Below are some records. Write out exactly their lines from the one with "行至金沙江路真光路路口,眼前忽现一片斑斓,紫罗兰正值盛花期。" through the one with "Factory MSRP: $61,465", and leave the pictures behind.

Start of Data supplied

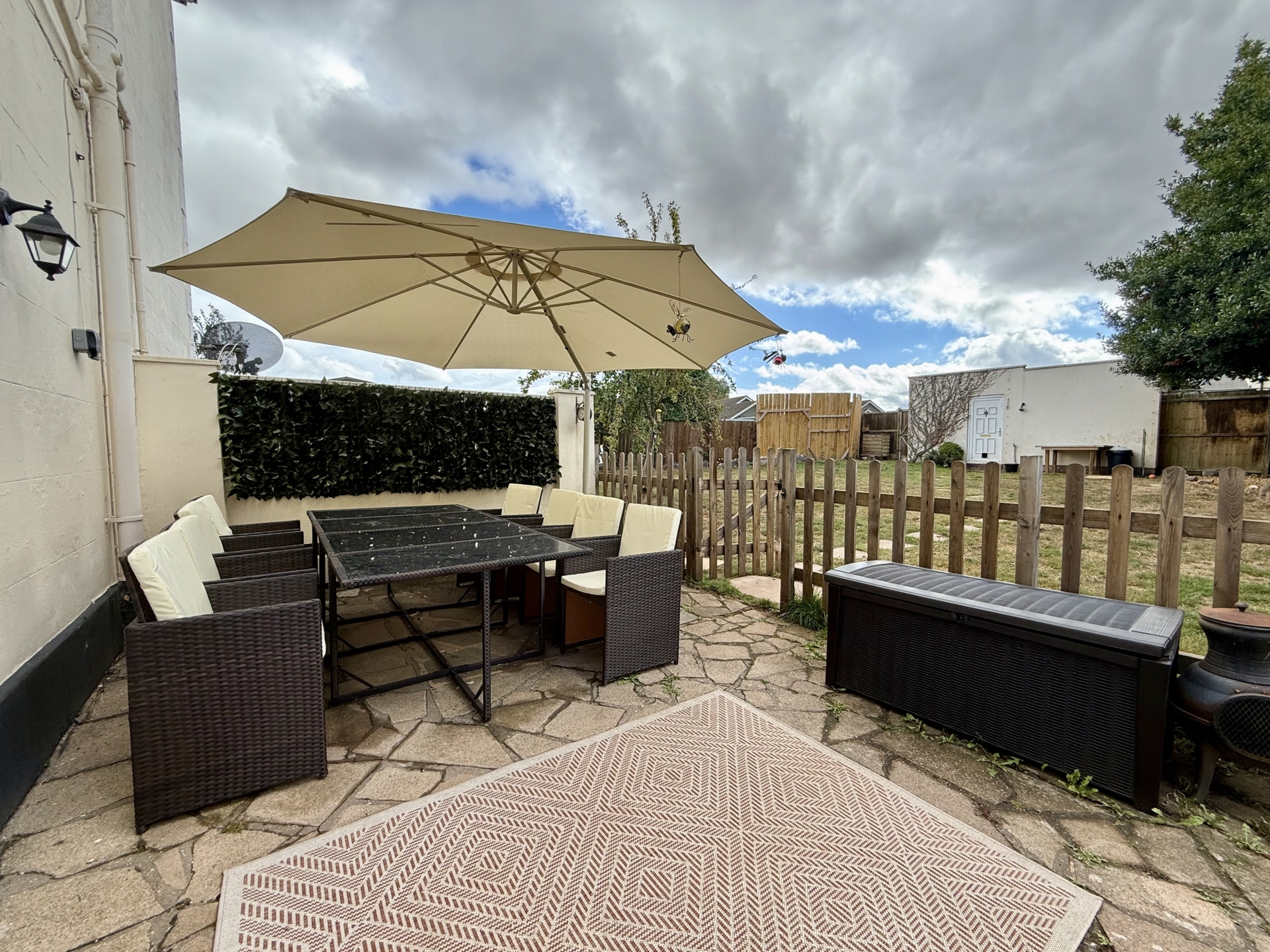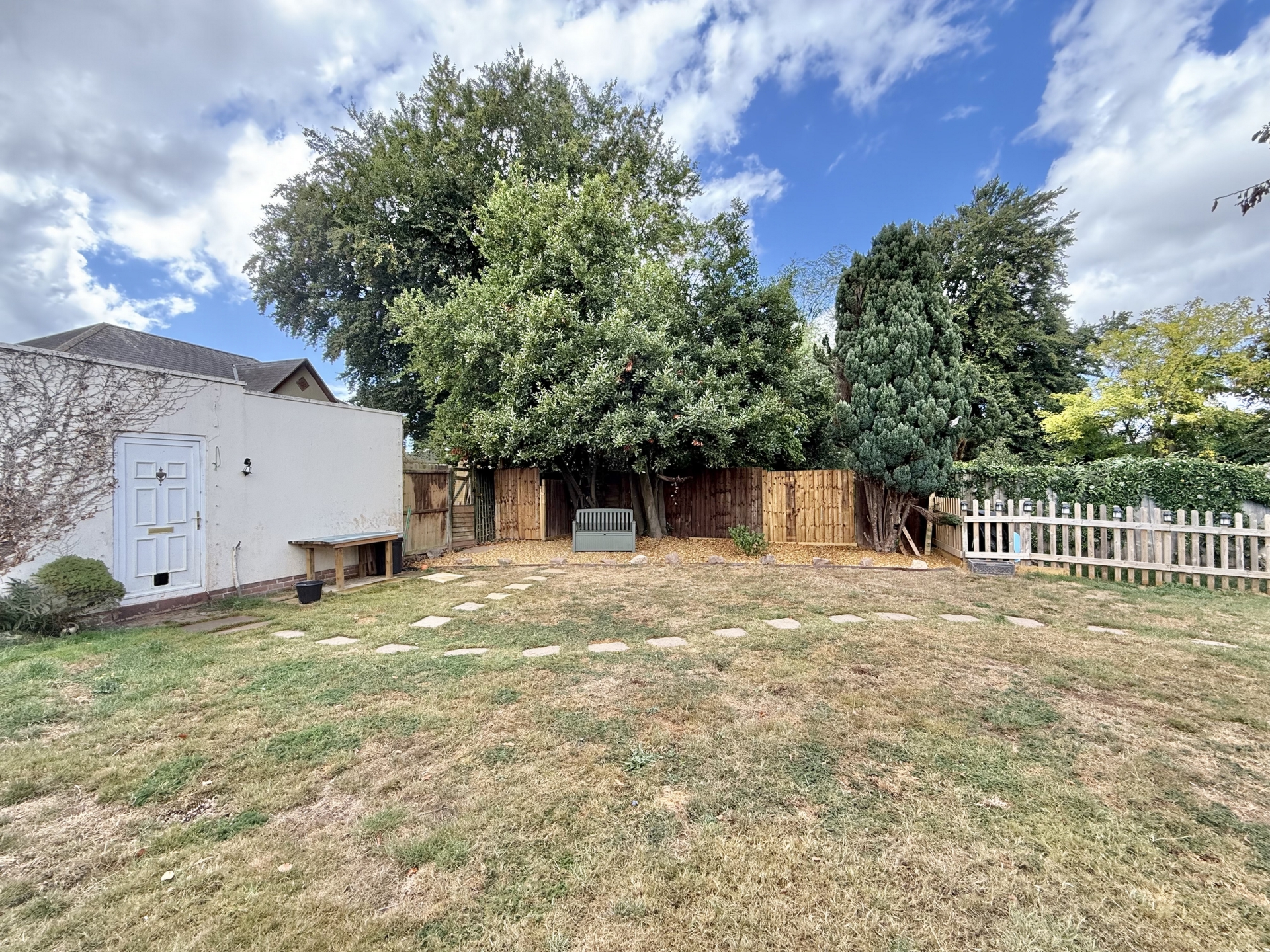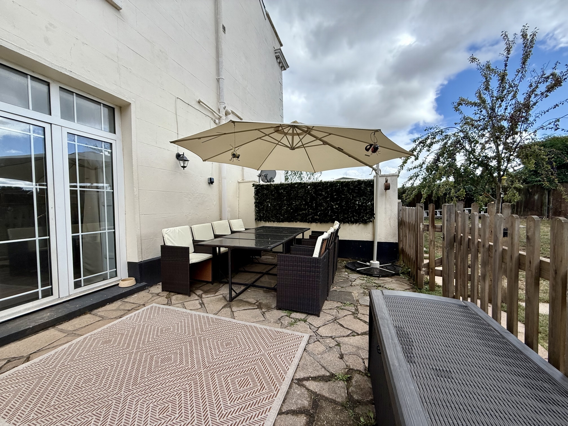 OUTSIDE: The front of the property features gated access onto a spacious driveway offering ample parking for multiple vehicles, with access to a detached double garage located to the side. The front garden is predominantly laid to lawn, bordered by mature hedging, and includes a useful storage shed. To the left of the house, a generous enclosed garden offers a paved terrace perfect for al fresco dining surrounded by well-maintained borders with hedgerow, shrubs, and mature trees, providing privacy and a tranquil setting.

End of Data supplied
Start of Data supplied

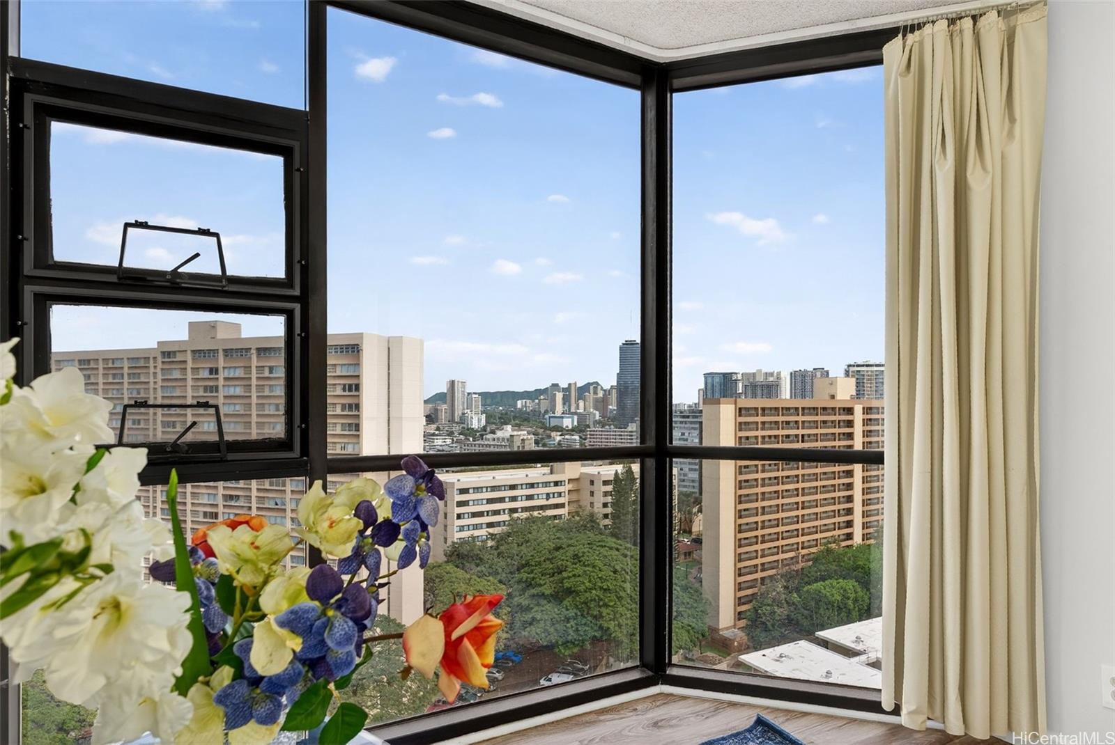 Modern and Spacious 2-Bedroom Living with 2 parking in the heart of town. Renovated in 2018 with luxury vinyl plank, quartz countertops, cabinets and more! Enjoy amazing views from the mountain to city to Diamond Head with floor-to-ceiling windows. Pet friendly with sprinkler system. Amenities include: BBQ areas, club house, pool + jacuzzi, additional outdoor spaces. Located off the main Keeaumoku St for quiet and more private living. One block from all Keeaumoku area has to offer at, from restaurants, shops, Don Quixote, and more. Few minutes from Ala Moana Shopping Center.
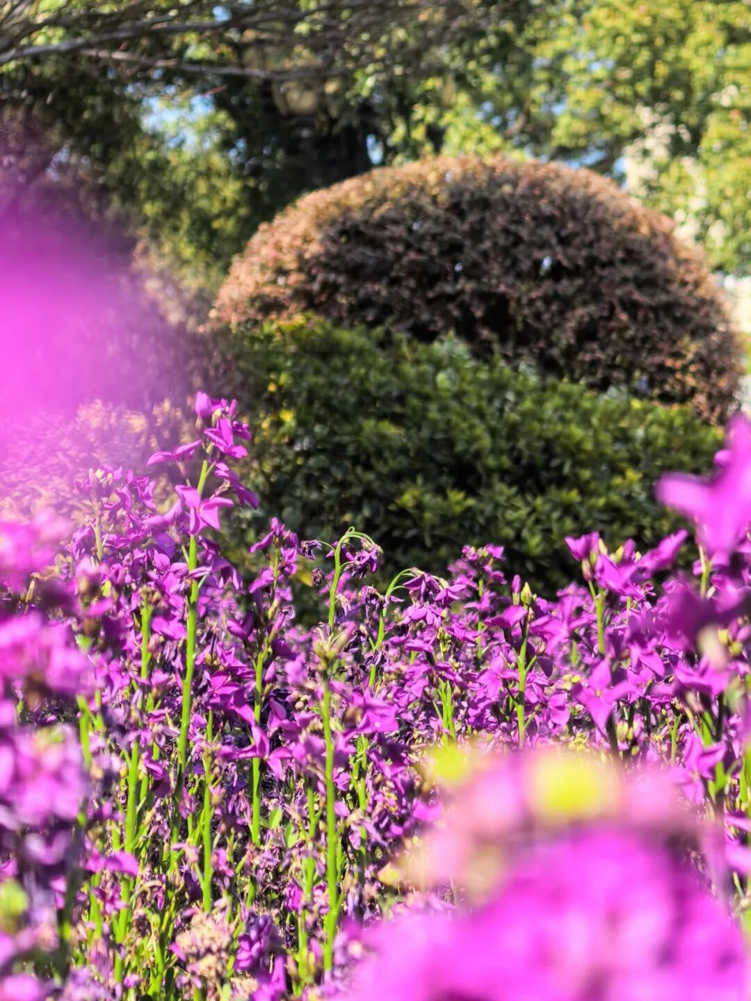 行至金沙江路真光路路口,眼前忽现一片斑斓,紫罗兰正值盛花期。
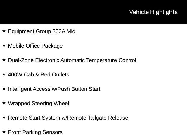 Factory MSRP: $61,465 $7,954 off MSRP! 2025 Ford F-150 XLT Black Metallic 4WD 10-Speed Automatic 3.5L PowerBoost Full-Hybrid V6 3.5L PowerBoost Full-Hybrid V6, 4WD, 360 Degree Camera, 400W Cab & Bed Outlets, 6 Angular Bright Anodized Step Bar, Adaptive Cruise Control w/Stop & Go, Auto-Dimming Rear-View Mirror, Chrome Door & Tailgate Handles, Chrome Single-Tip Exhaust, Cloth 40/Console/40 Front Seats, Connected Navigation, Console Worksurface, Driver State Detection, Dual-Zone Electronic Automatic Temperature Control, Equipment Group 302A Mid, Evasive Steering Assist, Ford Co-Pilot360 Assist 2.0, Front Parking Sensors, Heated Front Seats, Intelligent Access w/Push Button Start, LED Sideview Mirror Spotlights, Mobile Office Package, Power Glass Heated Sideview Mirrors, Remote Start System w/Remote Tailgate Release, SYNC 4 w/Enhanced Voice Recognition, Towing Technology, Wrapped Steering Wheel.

End of Data supplied

## Solution for this exercise
 行至金沙江路真光路路口,眼前忽现一片斑斓,紫罗兰正值盛花期。
 Factory MSRP: $61,465 $7,954 off MSRP! 2025 Ford F-150 XLT Black Metallic 4WD 10-Speed Automatic 3.5L PowerBoost Full-Hybrid V6 3.5L PowerBoost Full-Hybrid V6, 4WD, 360 Degree Camera, 400W Cab & Bed Outlets, 6 Angular Bright Anodized Step Bar, Adaptive Cruise Control w/Stop & Go, Auto-Dimming Rear-View Mirror, Chrome Door & Tailgate Handles, Chrome Single-Tip Exhaust, Cloth 40/Console/40 Front Seats, Connected Navigation, Console Worksurface, Driver State Detection, Dual-Zone Electronic Automatic Temperature Control, Equipment Group 302A Mid, Evasive Steering Assist, Ford Co-Pilot360 Assist 2.0, Front Parking Sensors, Heated Front Seats, Intelligent Access w/Push Button Start, LED Sideview Mirror Spotlights, Mobile Office Package, Power Glass Heated Sideview Mirrors, Remote Start System w/Remote Tailgate Release, SYNC 4 w/Enhanced Voice Recognition, Towing Technology, Wrapped Steering Wheel.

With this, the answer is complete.